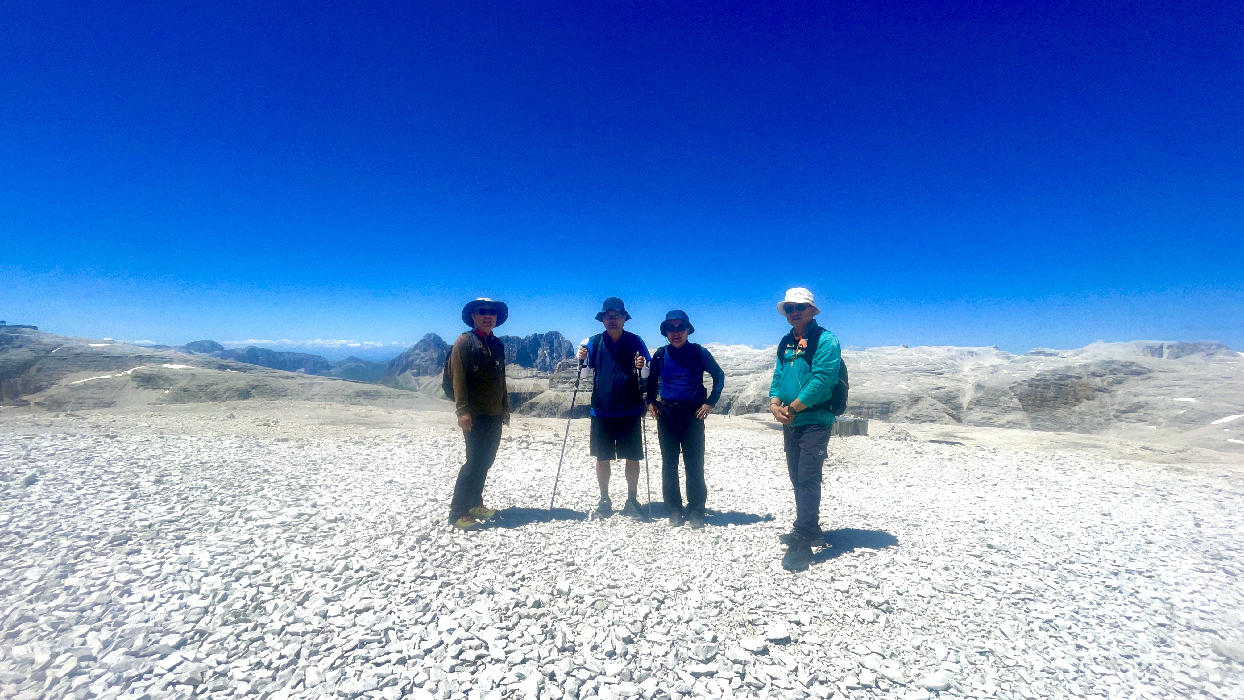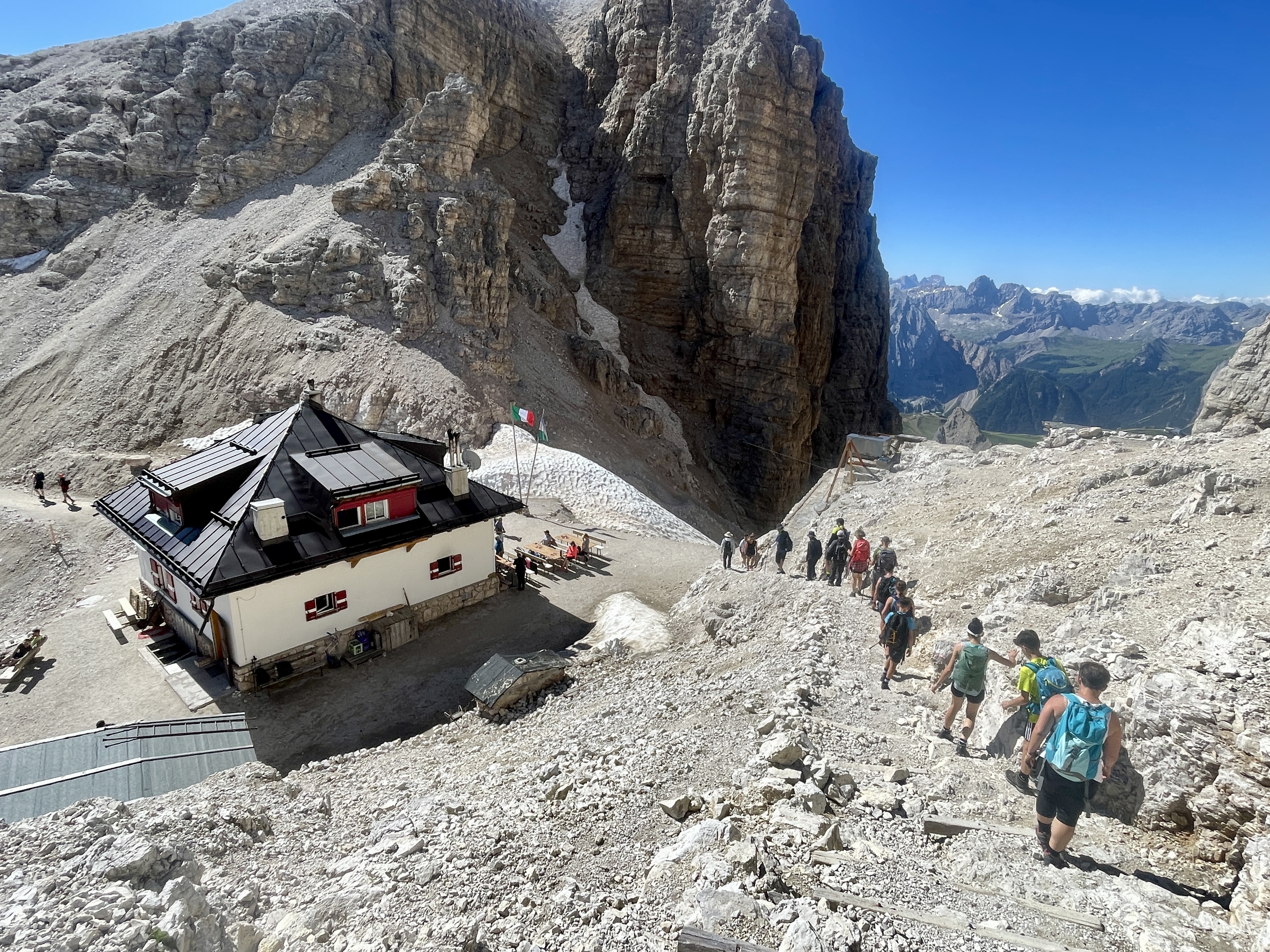 산장에 내려오니 Alta Via 2 트레일로 알려진 길이 파쏘 포르도이로 이어진다. 우리는 케이블카를 타고 올라와 걷는데도 힘겨운데 급경사를 지그재그로 걸어서 올라오고 또 내려간다. 화의 리드에 따라 천천히 산장을 지나 정상으로 나아가면서 뒤를 돌아보니 우리가 케이블카를 내린 마리아산장이 두툼한 암봉 정상에 자그맣게 보인다.
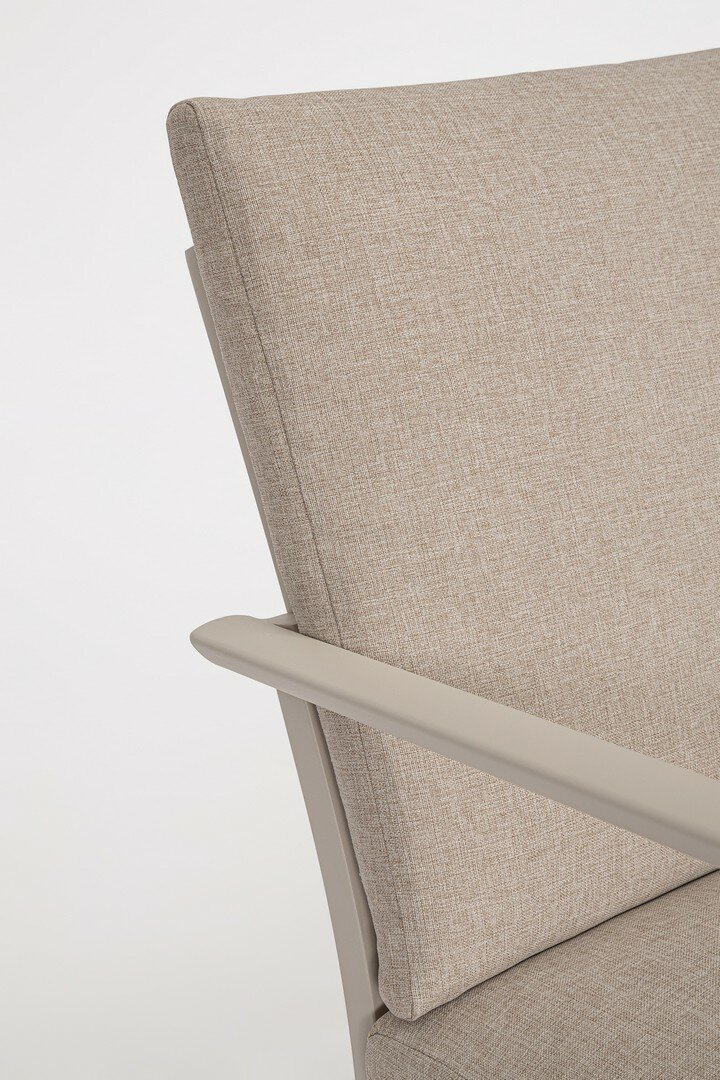 STRUTTURA IN ALLUMINIO, VERNICIATO A POLVERE (POLIESTERE). SEDUTA E SCHIENALE IN TEXTILENE 1X1. CUSCINI SFODERABILI CON TESSUTO IDROREPELLENTE OLEFIN (100% POLIPROPILENE). VITERIA IN ACCIAIO INOSSIDABILE. SCHIENALI E GAMBE TAVOLINO DA ASSEMBLARE.
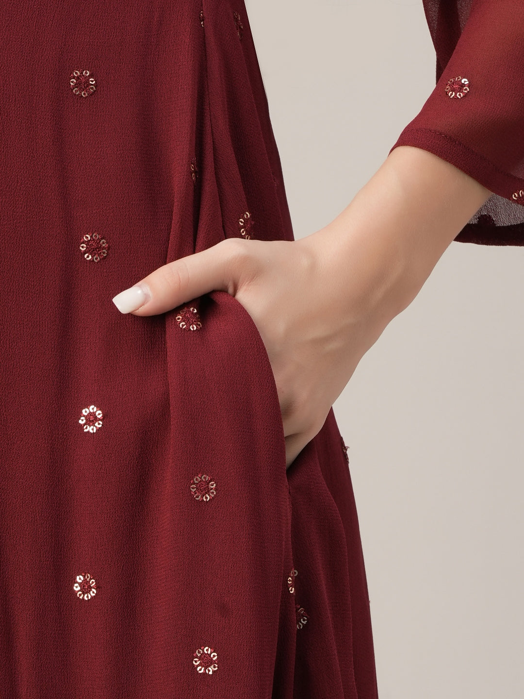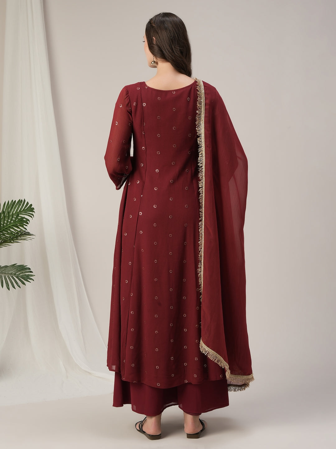 Maroon A-Line Maternity & Nursing Kurta Set with Dupatta
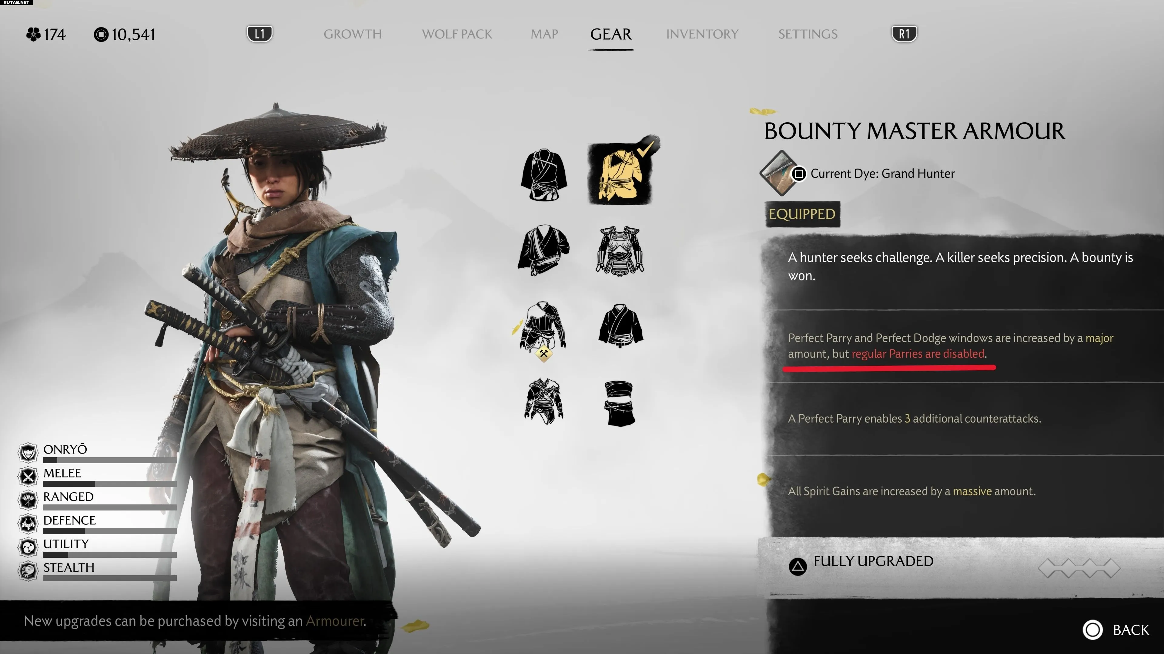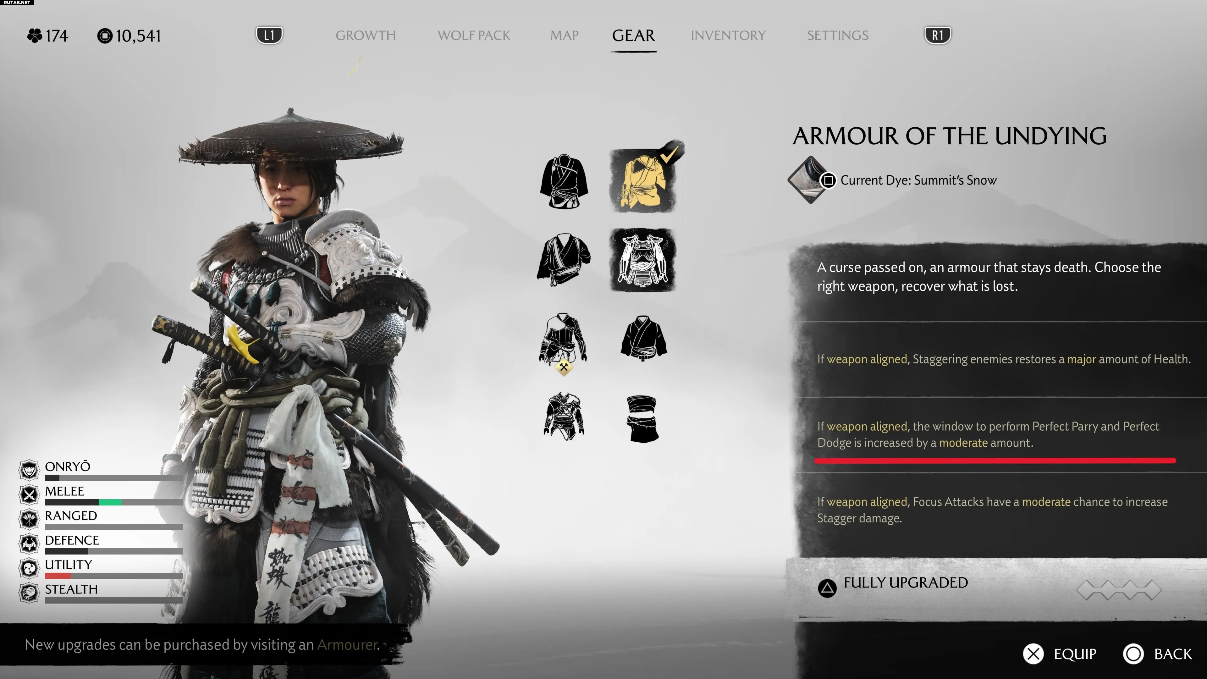 - Броня Бессмертного — увеличивает окно для идеального парирования и уклонения. Находится в мифической истории о Бессмертном Самурае на равнине Исикари.
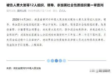 2026年4月20日,湖北省黄冈市中级人民法院的一审判决槌落下,特大黑恶头目黄大发被依法判处死刑,剥夺政治权利终身,没收个人全部财产。
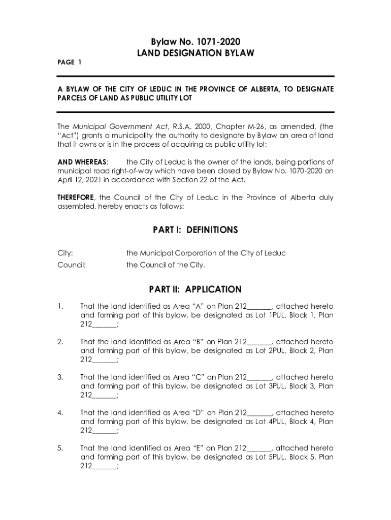Bylaw No. 10712020 LAND DESIGNATION BYLAW PAGE 1A BYLAW OF THE CITY OF EDUC IN THE PROVINCE OF ALBERTA, TO DESIGNATE PARCELS OF LAND AS PUBLIC UTILITY Lottie Municipal Government Act, R.S.A. 2000,
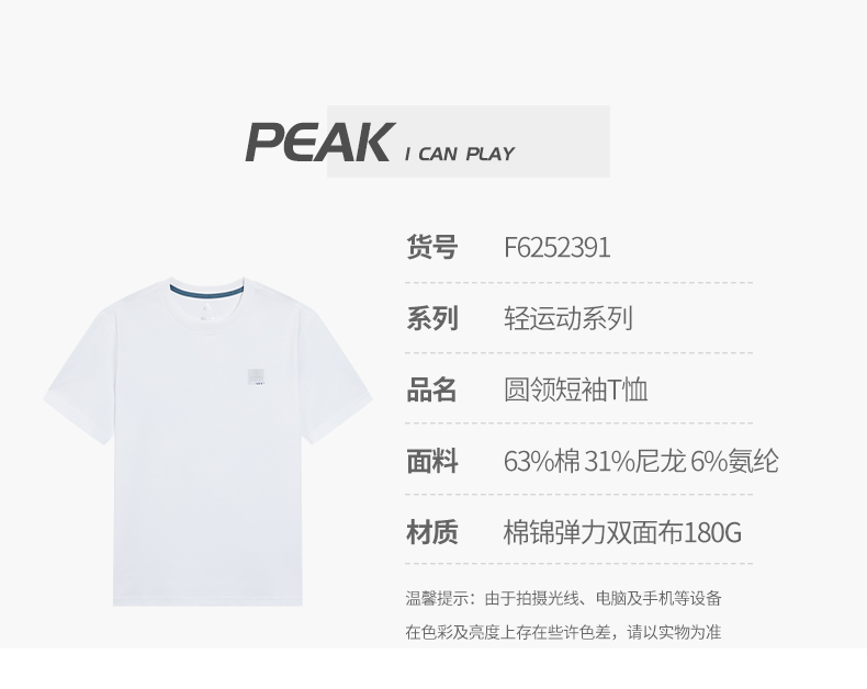 匹克2025年新款轻运动系列男款圆领短袖T恤F6252391
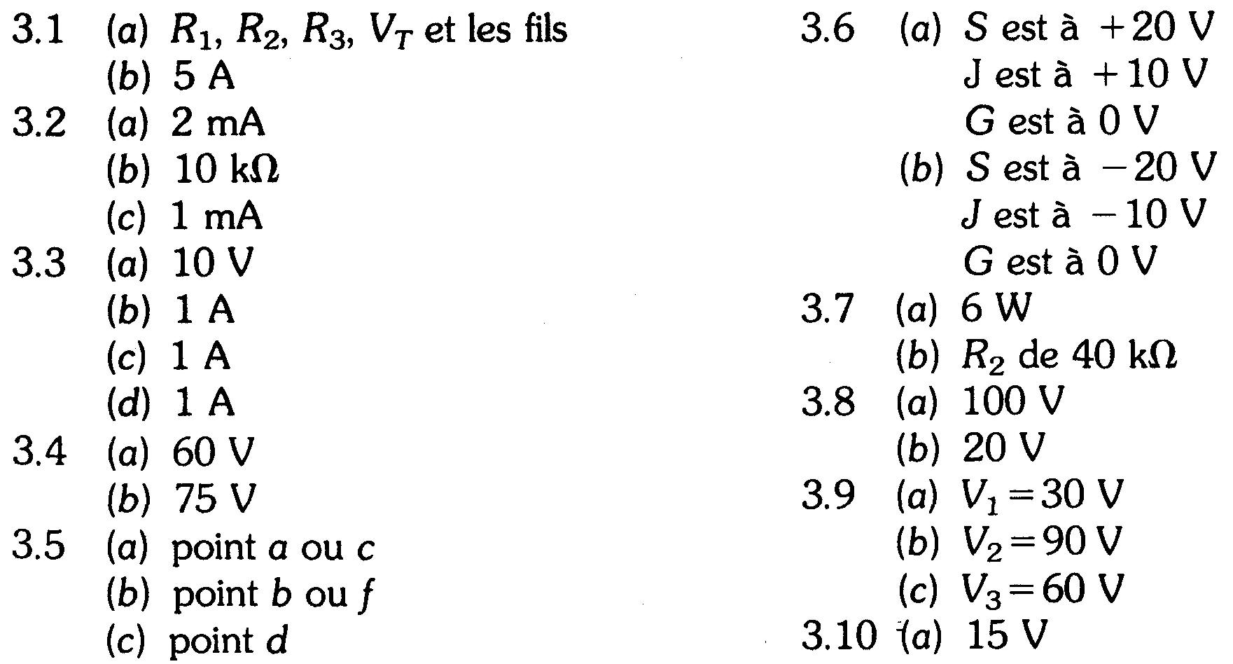 2. Sur la figure 3-3c, si le courant qui traverse R5 est de 1 A courant qui traverse R3 doit être de
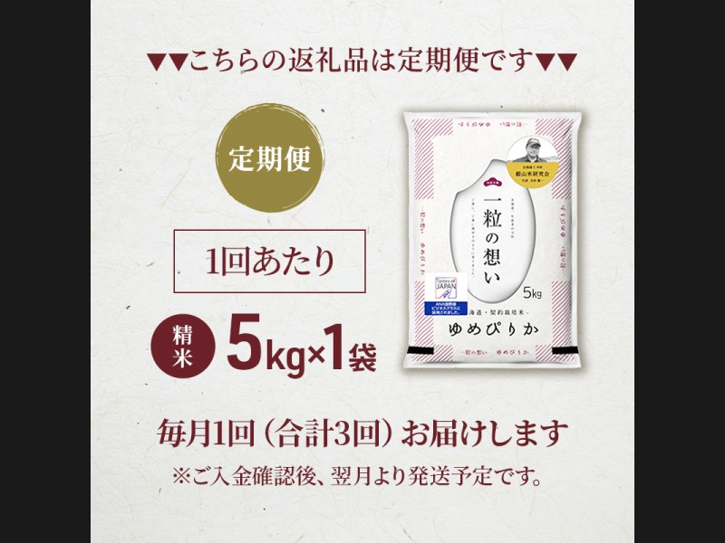【 2026年産米 新米 予約 】3ヵ月連続お届け 銀山米研究会のお米<ゆめぴりか>5kg(5kg×1袋) ご飯 ラ...

The problem
Which lines fall between the one containing "- Броня Бессмертного" and the last line of the listing, both included? Give them again exactly, without the pictures.

Solution below
 - Броня Бессмертного — увеличивает окно для идеального парирования и уклонения. Находится в мифической истории о Бессмертном Самурае на равнине Исикари.
 2026年4月20日,湖北省黄冈市中级人民法院的一审判决槌落下,特大黑恶头目黄大发被依法判处死刑,剥夺政治权利终身,没收个人全部财产。
Bylaw No. 10712020 LAND DESIGNATION BYLAW PAGE 1A BYLAW OF THE CITY OF EDUC IN THE PROVINCE OF ALBERTA, TO DESIGNATE PARCELS OF LAND AS PUBLIC UTILITY Lottie Municipal Government Act, R.S.A. 2000,
 匹克2025年新款轻运动系列男款圆领短袖T恤F6252391
 2. Sur la figure 3-3c, si le courant qui traverse R5 est de 1 A courant qui traverse R3 doit être de
【 2026年産米 新米 予約 】3ヵ月連続お届け 銀山米研究会のお米<ゆめぴりか>5kg(5kg×1袋) ご飯 ラ...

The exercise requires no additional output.